**Work item:** Below is a listing to write out in full, exactly as given, without its pictures.

**Records supplied:**
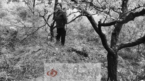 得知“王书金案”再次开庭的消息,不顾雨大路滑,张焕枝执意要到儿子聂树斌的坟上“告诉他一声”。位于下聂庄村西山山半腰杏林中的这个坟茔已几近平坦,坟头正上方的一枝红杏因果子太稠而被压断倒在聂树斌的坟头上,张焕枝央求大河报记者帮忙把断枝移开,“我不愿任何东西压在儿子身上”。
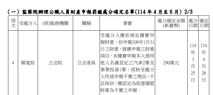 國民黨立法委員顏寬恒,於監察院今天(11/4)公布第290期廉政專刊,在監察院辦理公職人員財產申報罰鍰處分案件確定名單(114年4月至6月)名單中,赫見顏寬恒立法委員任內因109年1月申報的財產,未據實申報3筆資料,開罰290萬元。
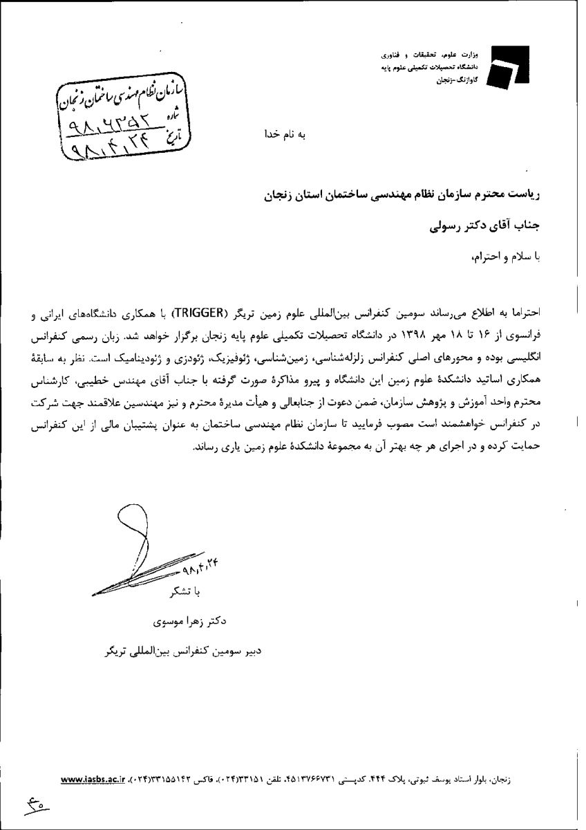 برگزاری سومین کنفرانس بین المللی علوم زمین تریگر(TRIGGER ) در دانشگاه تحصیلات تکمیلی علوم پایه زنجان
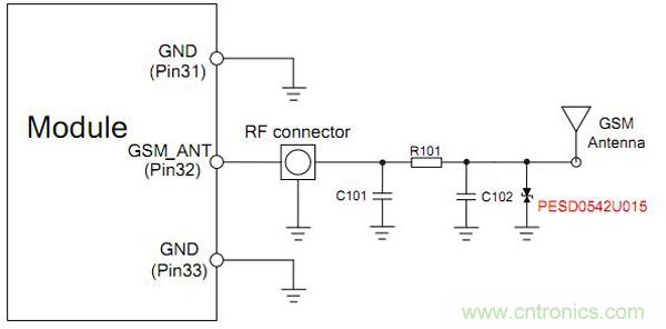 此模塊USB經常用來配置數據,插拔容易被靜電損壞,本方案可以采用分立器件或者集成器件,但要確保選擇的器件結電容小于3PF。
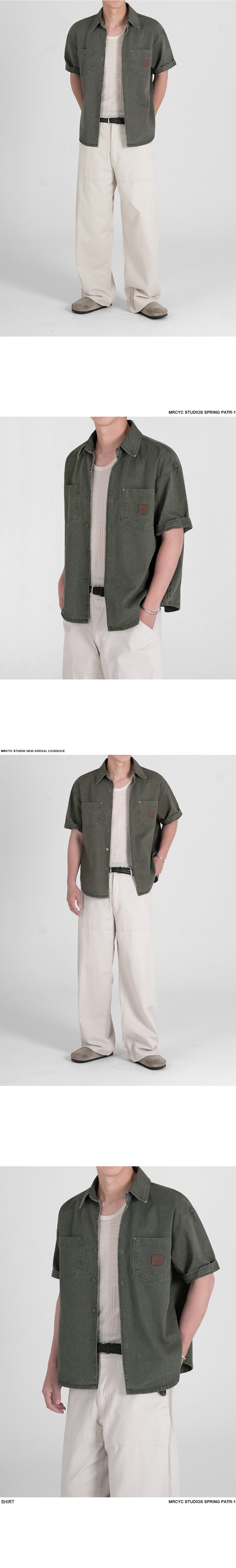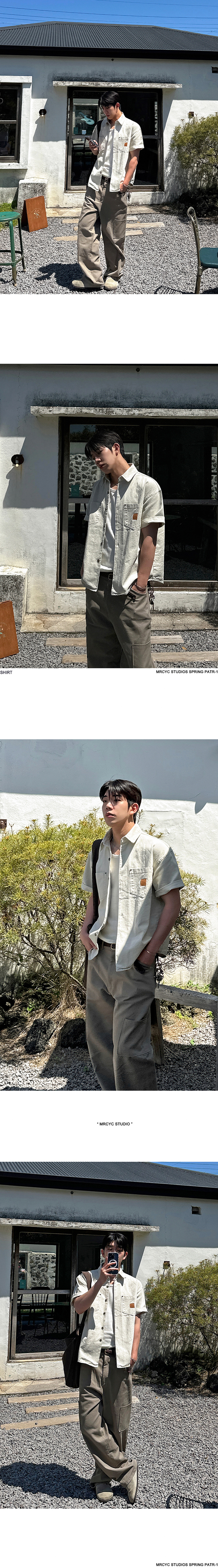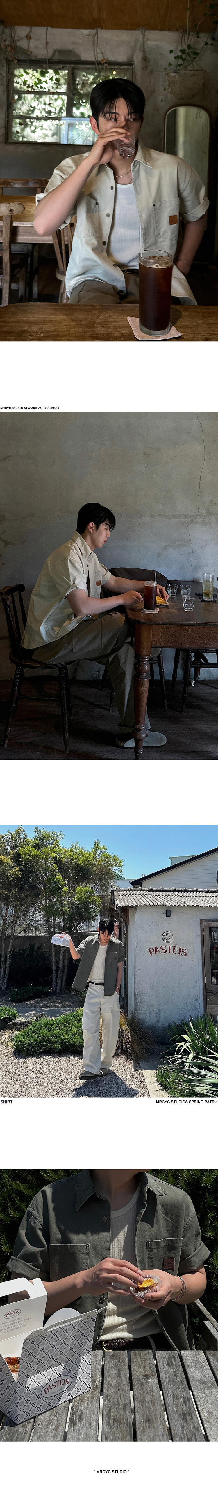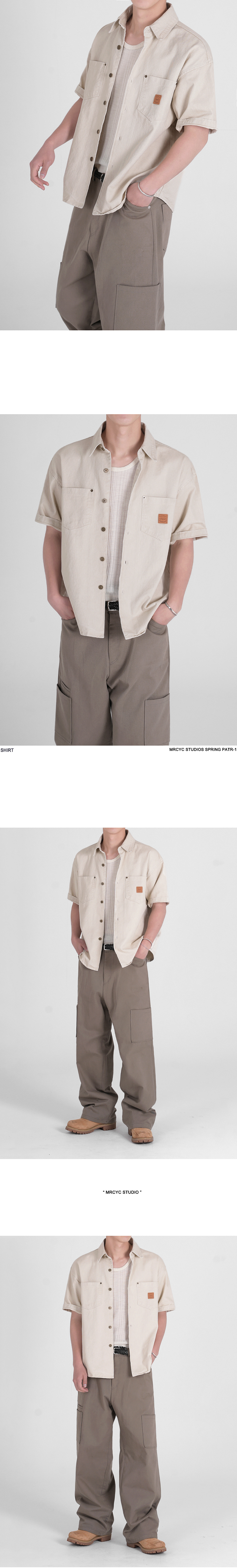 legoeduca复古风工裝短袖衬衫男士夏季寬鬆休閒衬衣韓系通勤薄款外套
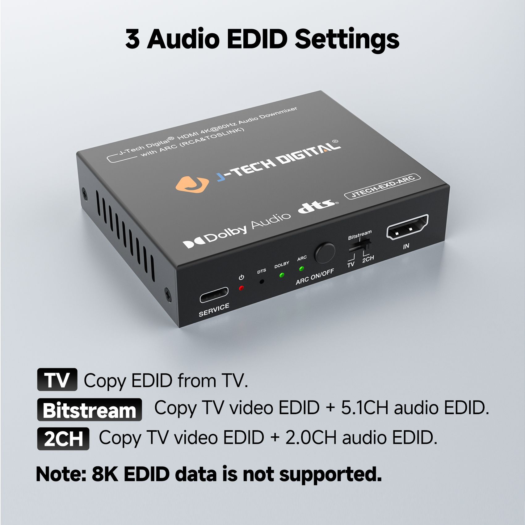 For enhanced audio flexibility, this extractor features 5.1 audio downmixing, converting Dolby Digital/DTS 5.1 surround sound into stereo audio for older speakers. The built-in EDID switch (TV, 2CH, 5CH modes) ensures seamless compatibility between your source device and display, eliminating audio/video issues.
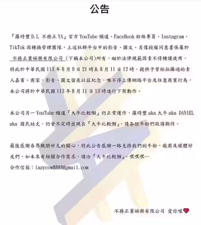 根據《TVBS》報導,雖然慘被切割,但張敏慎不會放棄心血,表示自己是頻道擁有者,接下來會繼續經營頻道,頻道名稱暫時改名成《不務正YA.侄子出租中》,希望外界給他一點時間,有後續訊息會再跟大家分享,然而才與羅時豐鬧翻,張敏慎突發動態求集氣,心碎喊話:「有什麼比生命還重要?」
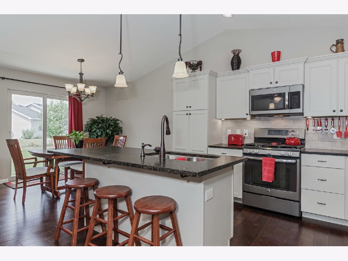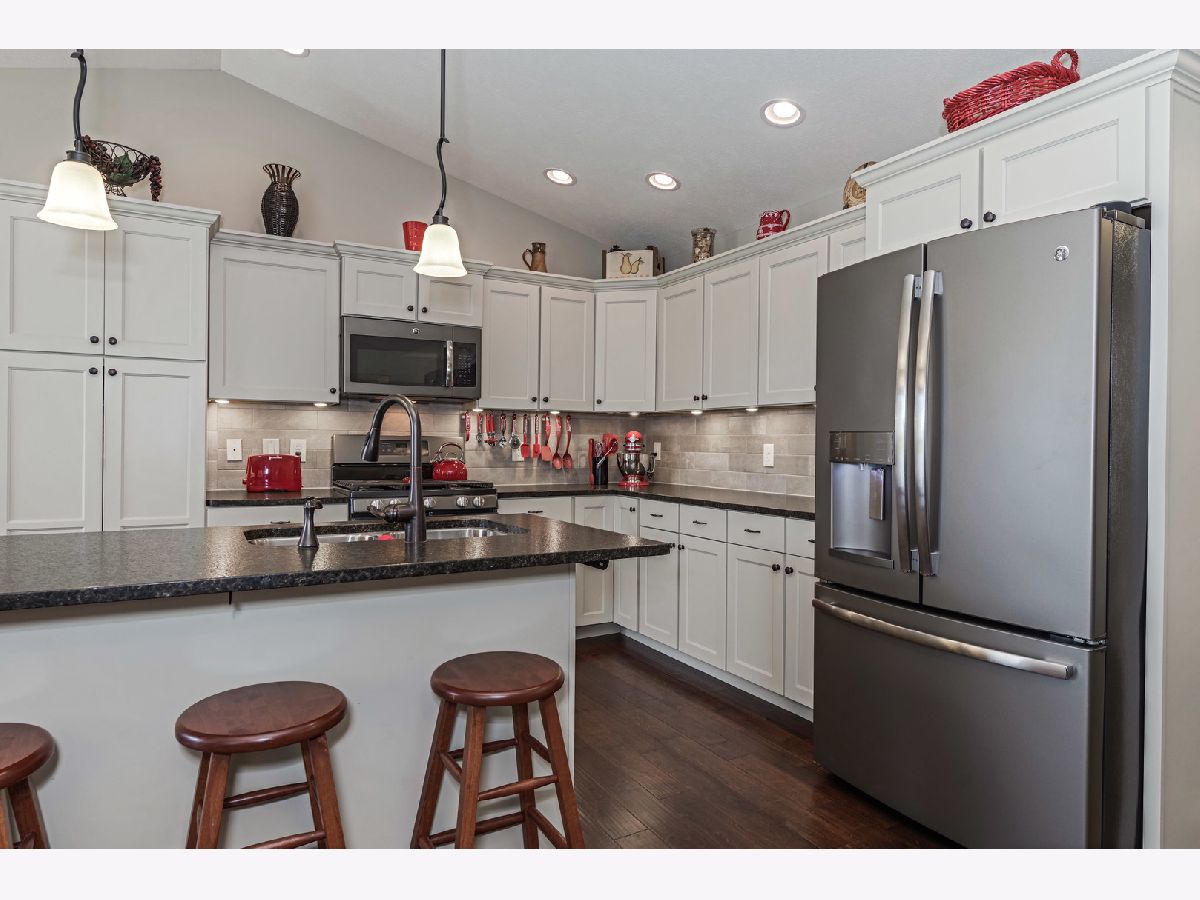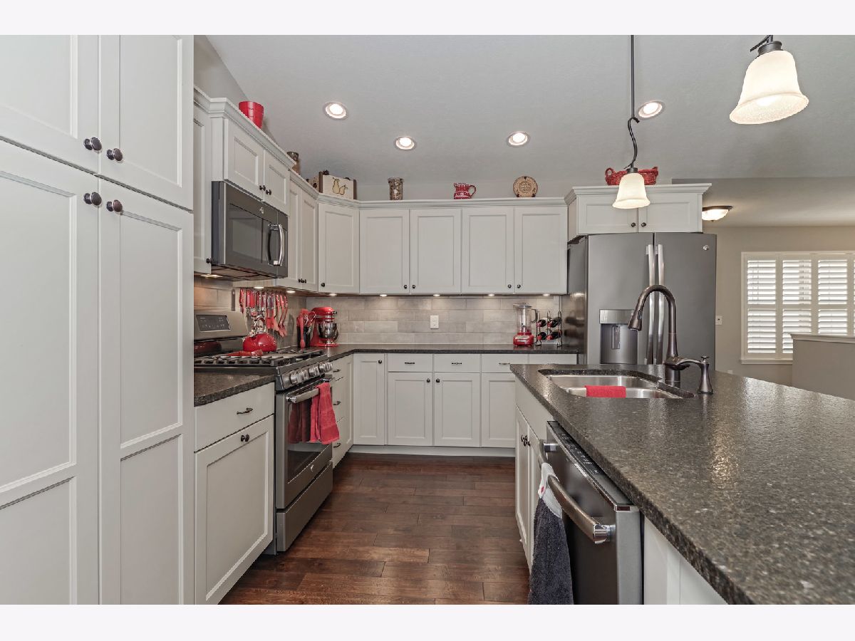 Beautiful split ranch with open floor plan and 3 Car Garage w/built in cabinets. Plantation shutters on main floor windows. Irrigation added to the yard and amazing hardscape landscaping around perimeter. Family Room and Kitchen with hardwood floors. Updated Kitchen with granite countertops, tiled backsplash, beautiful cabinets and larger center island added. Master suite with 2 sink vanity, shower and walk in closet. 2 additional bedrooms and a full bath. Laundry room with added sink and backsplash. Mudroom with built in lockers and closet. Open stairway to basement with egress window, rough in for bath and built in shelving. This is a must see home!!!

**Reply:**
 得知“王书金案”再次开庭的消息,不顾雨大路滑,张焕枝执意要到儿子聂树斌的坟上“告诉他一声”。位于下聂庄村西山山半腰杏林中的这个坟茔已几近平坦,坟头正上方的一枝红杏因果子太稠而被压断倒在聂树斌的坟头上,张焕枝央求大河报记者帮忙把断枝移开,“我不愿任何东西压在儿子身上”。
 國民黨立法委員顏寬恒,於監察院今天(11/4)公布第290期廉政專刊,在監察院辦理公職人員財產申報罰鍰處分案件確定名單(114年4月至6月)名單中,赫見顏寬恒立法委員任內因109年1月申報的財產,未據實申報3筆資料,開罰290萬元。
 برگزاری سومین کنفرانس بین المللی علوم زمین تریگر(TRIGGER ) در دانشگاه تحصیلات تکمیلی علوم پایه زنجان
 此模塊USB經常用來配置數據,插拔容易被靜電損壞,本方案可以采用分立器件或者集成器件,但要確保選擇的器件結電容小于3PF。
 legoeduca复古风工裝短袖衬衫男士夏季寬鬆休閒衬衣韓系通勤薄款外套
 For enhanced audio flexibility, this extractor features 5.1 audio downmixing, converting Dolby Digital/DTS 5.1 surround sound into stereo audio for older speakers. The built-in EDID switch (TV, 2CH, 5CH modes) ensures seamless compatibility between your source device and display, eliminating audio/video issues.
 根據《TVBS》報導,雖然慘被切割,但張敏慎不會放棄心血,表示自己是頻道擁有者,接下來會繼續經營頻道,頻道名稱暫時改名成《不務正YA.侄子出租中》,希望外界給他一點時間,有後續訊息會再跟大家分享,然而才與羅時豐鬧翻,張敏慎突發動態求集氣,心碎喊話:「有什麼比生命還重要?」
 Beautiful split ranch with open floor plan and 3 Car Garage w/built in cabinets. Plantation shutters on main floor windows. Irrigation added to the yard and amazing hardscape landscaping around perimeter. Family Room and Kitchen with hardwood floors. Updated Kitchen with granite countertops, tiled backsplash, beautiful cabinets and larger center island added. Master suite with 2 sink vanity, shower and walk in closet. 2 additional bedrooms and a full bath. Laundry room with added sink and backsplash. Mudroom with built in lockers and closet. Open stairway to basement with egress window, rough in for bath and built in shelving. This is a must see home!!!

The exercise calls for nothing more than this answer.